A process for removing catalyst fines from slurry oil is disclosed. A settling reagent, such as coal, alumina, or coke, is added to a fines containing heavy oil bottoms product from a fractionator downstream of a catalytic cracking unit. The settling reagent promotes rapid settling and removal of fines from heavy oil product. Settling may be performed in a slurry settler, or a centrifuge. A catalytic cracking process for heavy, metals laden oil is also disclosed using a settling reagent to clarify slurry oil, then recycling settled settling reagent to contact the heavy oil in the catalytic cracking process.

Description

BACKGROUND OF THE INVENTION
Clarified Slurry Oil, (CSO), a heavy oil produced as a byproduct of catalytic cracking is an important commercial product. These highly aromatic, high boiling, dense liquids are the hydrocarbon fractions which remain as a bottoms fraction after catalytic cracking.
These materials are primarily used as heavy fuel oil, and to a lesser extent as charge stock for conversion to carbon black or used as aromatic solvents. In many of the downstream uses of these heavy oils, it is important that the oil be free of particulates. Presence of even minor amounts of particulates, such as cracking catalyst "fines", can make the heavy fuel oil totally unsuitable for use in internal combustion engines. The cracking catalyst fines are highly abrasive and difficult to remove by conventional filtering because of their extremely fine size. Fines accumulate in the pistons of the internal combustion engines burning the fuel, so the presence of even small amounts of fines in heavy fuel oil cannot be tolerated.
The problem can be better understood by considering what happens to heavy oil feed in a catalytic cracking unit. Fluidized catalytic cracking (FCC) units are the most popular so the conversion of heavy feed to lighter products in an FCC unit will be described. Similar problems occur in Thermofor catalytic cracking (TCC) units, though the problems are not as severe as in FCC.
Hot, regenerated FCC catalyst contacts the heavy feed in the base of a reactor. The catalyst is present in excess, usually 5 or 10 weights of catalyst per weight of oil. The FCC catalyst has a particle size distribution ranging from 10-100 microns. The FCC catalyst cracks the oil to produce lighter products and is coked in the process. Coked catalyst is separated from cracked products. The coked catalyst is regenerated in a fluidized bed combustion zone or regenerator.
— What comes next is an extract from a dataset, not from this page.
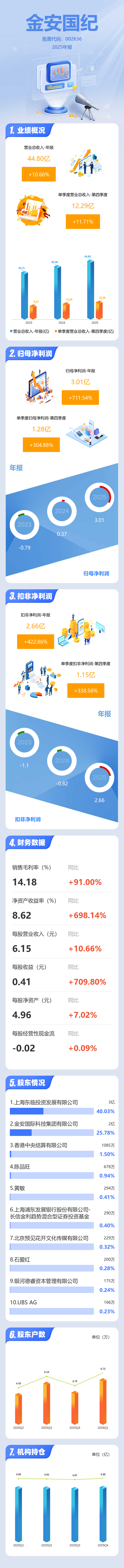 证券之星消息,金安国纪2025年年报显示,当年度公司主营收入44.8亿元,同比上升10.67%;归母净利润3.01亿元,同比上升711.54%;扣非净利润2.66亿元,同比上升422.86%;其中2025年第四季度,公司单季度主营收入12.29亿元,同比上升11.72%;单季度归母净利润1.28亿元,同比上升304.88%;单季度扣非净利润1.15亿元,同比上升338.56%;负债率44.83%,投资收益-5709.58万元,财务费用-4775.3万元,毛利率14.18%。

The cracked products and entrained catalyst fines are sent to a main fractionation column which separates cracked products into a range of products, gaseous fractions, naphtha, light fuel oil and a bottoms fraction.
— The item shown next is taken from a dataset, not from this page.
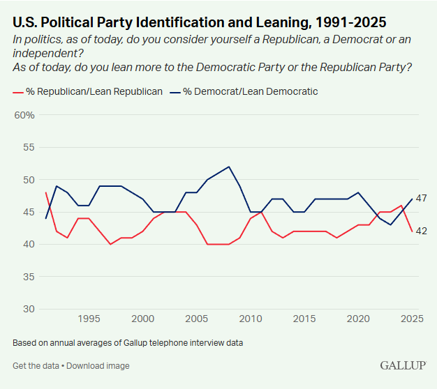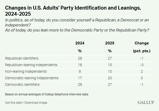 Americans are fleeing labels, yet the Democratic tilt among independents reflects backlash against the incumbent rather than genuine affection for Democrats, whose favorability ratings remain historically low.

Because of the nature of catalytic cracking units, there is always a significant amount of catalyst entrained with the cracked products. Fines are created continuously in the FCC unit, primarily by particles of catalyst bumping into one another, or hitting hard surfaces in the unit. A commercial FCC unit, with 100 tons of equilibrium catalyst, might generate 1000 to 2000 pounds per day of fines. The main fractionation column is designed to accomodate the fines, and any fines carried over into the main column are collected with the bottoms fraction. The bottoms fraction is frequently recycled, at least in part, to the FCC reactor for additional conversion. This recycle sends more catalyst fines back to the FCC reactor, which increases the catalyst fines content of cracked products.
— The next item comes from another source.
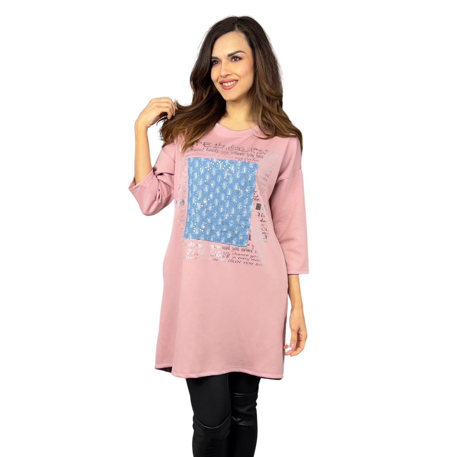 Mikinové šaty Defne spojují volný, moderní střih s ležérní elegancí. Díky dropshoulder rukávům a prodloužené délce jsou skvělou volbou pro ženy, které hledají pohodlí bez kompromisů ve stylu. Šaty zdobí originální potisk s denimovým efektem a třpytivými detaily, které dodávají celkovému vzhledu jedinečnost. Praktické boční kapsy zajišťují ještě větší komfort při nošení.

As a practical matter, it is usually not possible to recycle 100% of the material withdrawn from the main column bottoms (MCB). This material is highly aromatic and difficult to crack. Usually the MCB is sent to a slurry settler. Most of the fines settle to the bottom. The oil withdrawn from the bottom of the slurry settler is the slurry phase. The oil withdrawn above the slurry phase is clarified slurry oil. The slurry phase is recycled, and the clarified slurry oil (CSO) withdrawn and sent to a storage tank. Some cooled CSO may be recylced to the slurry settler. During storage, more of the catalyst fines settle to the bottom of the tank leaving an oil phase with a further reduced fines content. However, the settling is slow and, settling never removes all of the catalyst particles. Slurry settling merely removes "fines" that are fairly large, and easy to recover by settling. The finer catalyst particles are removed only with great difficulty by such settling, and the CSO (still with a small but significant amount of extremely fine catalyst fines remaining) is withdrawn and used as a product.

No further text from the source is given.